PACA: Perspective-Aware Cross-Attention Representation for Zero-Shot Scene Rearrangement

TL;DR

PACA addresses the challenge of zero-shot scene rearrangement by deriving object-level representations directly from diffusion-based goal generation, enabling perspective-controlled 6-DoF manipulation. It introduces a joint cross-attention representation that fuses generation, segmentation, and feature encoding, mitigating multi-step error accumulation. The method supports perspective control through Hough Transform–driven alignment and ControlNet, extending beyond traditional 3-DoF top-down settings. Experiments on real robots demonstrate competitive human-satisfaction scores, effective zero-shot performance, and solid matching accuracy, highlighting practical impact for scalable robotic manipulation with web-scale generative models.

Abstract

Scene rearrangement, like table tidying, is a challenging task in robotic manipulation due to the complexity of predicting diverse object arrangements. Web-scale trained generative models such as Stable Diffusion can aid by generating natural scenes as goals. To facilitate robot execution, object-level representations must be extracted to match the real scenes with the generated goals and to calculate object pose transformations.
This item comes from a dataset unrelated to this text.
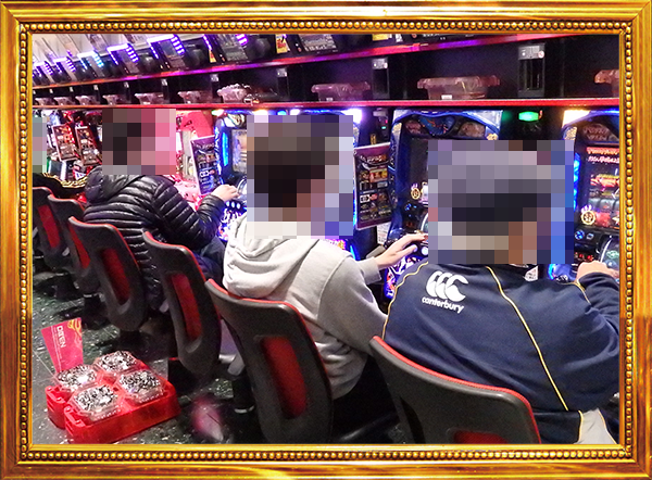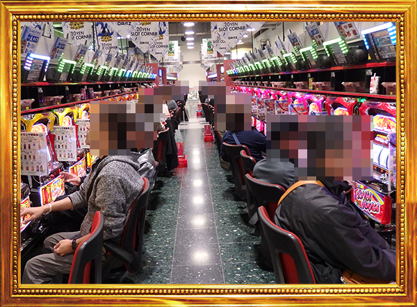13時をまわった頃の20円パチスロは、にぎやかな雰囲気に包まれていた。
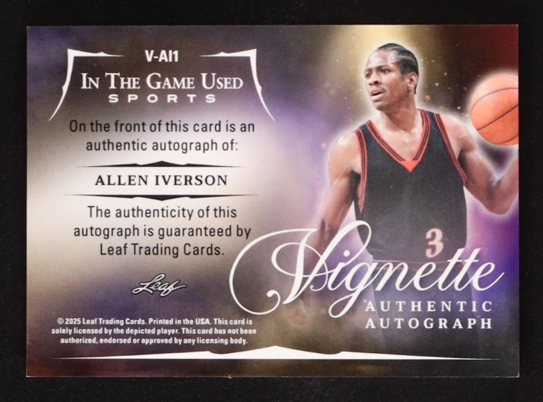Allen Iverson 2025 Leaf In The Game Used Vignette Authentic Sparkle Autographs #VAI1 #1/6

Current methods typically use a multi-step design that involves separate models for generation, segmentation, and feature encoding, which can lead to a low success rate due to error accumulation. Furthermore, they lack control over the viewing perspectives of the generated goals, restricting the tasks to 3-DoF settings. In this paper, we propose PACA, a zero-shot pipeline for scene rearrangement that leverages perspective-aware cross-attention representation derived from Stable Diffusion. Specifically, we develop a representation that integrates generation, segmentation, and feature encoding into a single step to produce object-level representations. Additionally, we introduce perspective control, thus enabling the matching of 6-DoF camera views and extending past approaches that were limited to 3-DoF top-down views. The efficacy of our method is demonstrated through its zero-shot performance in real robot experiments across various scenes, achieving an average matching accuracy and execution success rate of 87% and 67%, respectively.

Figures (6)

• Figure 1: These images were generated with Stable Diffusion and the prompt "One apple, one orange, and one banana in the plate". The generated images exhibit several issues: (a) distortion, (b) introduction of new objects, and (c) unmatched image perspectives. An illustration of multi-step design: (d) Generation, segmentation, and feature encoding are performed using three different models. During segmentation, repetitive cropping occurs due to the distortion in generated goals, introducing errors to the subsequent feature encoding process. The segmented patches were produced by Mask R-CNN he2017mask. Our integrated design: (e) Segmentation and feature encoding are conducted concurrently with the generation.
• Figure 2: Pipeline of the proposed PACA. Generation, segmentation and feature encoding are integrated into a single step. The prompt is directly utilized to produce the generated goal. The real image is first inverted to its noisy counterpart and then reconstructed to extract segmentation and features for matching. The cross-attention maps highlight segmentation and encoded features specific to each object's descriptors, thereby facilitating the matching process and transformation calculations.
• Figure 3: Controlled generation with Hough transform.
• Figure 4: (a) Reconstructed images and cross-attention maps $M("Plate", t)$, $M("Fork", t)$ at different timesteps $t$ during denoising. (b) Conceptual embedding containing object region information at timestep $t = T/2$. (c) Perceptual embedding containing object feature information at timestep $t = 1$. Joint cross-attention representation combines cross-attention from these timesteps using Eq.\ref{['joint']}.
• Figure 5: (a) Experimental setup; (b) Examples of 3-DoF top-down rearrangement; (c) Examples of 6-DoF rearrangement. In (b) and (c), the first row is the goal, the second row shows the final rearrangement. Objects relevant to the prompt are marked with red boundaries due to stochasticity, distortions, and new object generation. Objects not specified in the prompt do not affect the pipeline, as they lack object-level representation. Full executions can be found in the supplementary material.